No boders. No Nation. – Die Migrationsfrage als Teil der Systemfrage | System change by migration

Seit Jahrzehnten verschärfen die Industriestaaten des Globalen Nordens ihre Migrationskontrollen, die in zunehmend ausdifferenzierenden Sicherheitsgesetzen, der vermehrten Errichtung von Zäunen und Mauern sowie der steigenden Produktion von im Transit lebenden Menschen und unzählbaren Todesfällen münden. Obgleich es ein offenes Geheimnis ist, dass es den Staaten so dennoch nicht gelingt, die subalterne Mobilität zu stoppen, wird aus Souveränitätsgründen nicht von dieser Praxis abgerückt und so Menschen weiterhin in die Illegalität gedrängt. Die Entwicklung und Aufrechterhaltung von Visaregimen, Abschiebegefängnissen und biometrischen Kontrollen dient daher lediglich der Konservierung der staatlich gelebten Illusion menschliche Mobilität kontrollieren zu können.

Und seit ebenso vielen Jahrzehnten leisten linke, antirassistische und migrantische Bewegungen Widerstand gegen diese Illusion. Parolen wie „No Border!
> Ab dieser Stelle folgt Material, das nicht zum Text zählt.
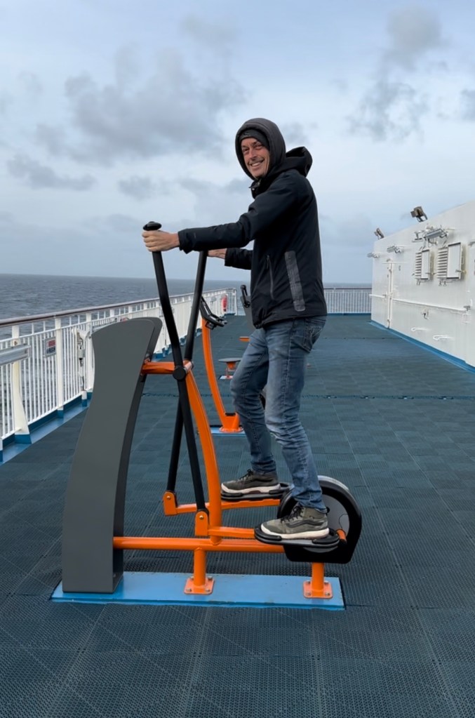The sailing to Bilbao was 36 hours so Jigsaw wiled away the hours penning her sequel play “Cat on a Long Thin Lead”. We’re not sure it’ll have the same box office takings as her first “Cat on a Hot Tin Roof” but we can hope. Nick continued to work on his photo’s for his website which may stand us more chance of an earning… I in the meantime Duolingo’d and watched TV 😉 We did some exercise out on the deck too.

No Nation! Stop Deportation!“, „Grenzen auf für alle Menschen“ oder „Nevermind the papers“ fordern die Abschaffung aller nationalstaatlichen Schranken und treten für das Recht auf globale Bewegungsfreiheit ein. Was genau damit aber gemeint ist, bleibt oftmals schemenhaft. Vielen Aktivist*innen ist wohl selbst unklar, ob ihre Forderung eher realpolitisch verstanden werden soll oder lediglich einem utopischen Wunsch ähnelt, der erst durch das Einsetzen einer globalen Systemtransformation in die Sphäre das praktisch Machbaren rücken würde. Wie soll etwa globale Bewegungsfreiheit möglich sein, ohne dabei gleichzeitig einem allumfassenden Zwang zur ständigen Flexibilität und Mobilität Tür und Tor zu öffnen, dem wir alle in der kapitalistischen Wirtschaftsweise, und in Zeiten verbreiteter Austeritätspolitik und Refeudalisierung, auf nationalstaatlicher Ebene sowieso bereits ausgesetzt sind?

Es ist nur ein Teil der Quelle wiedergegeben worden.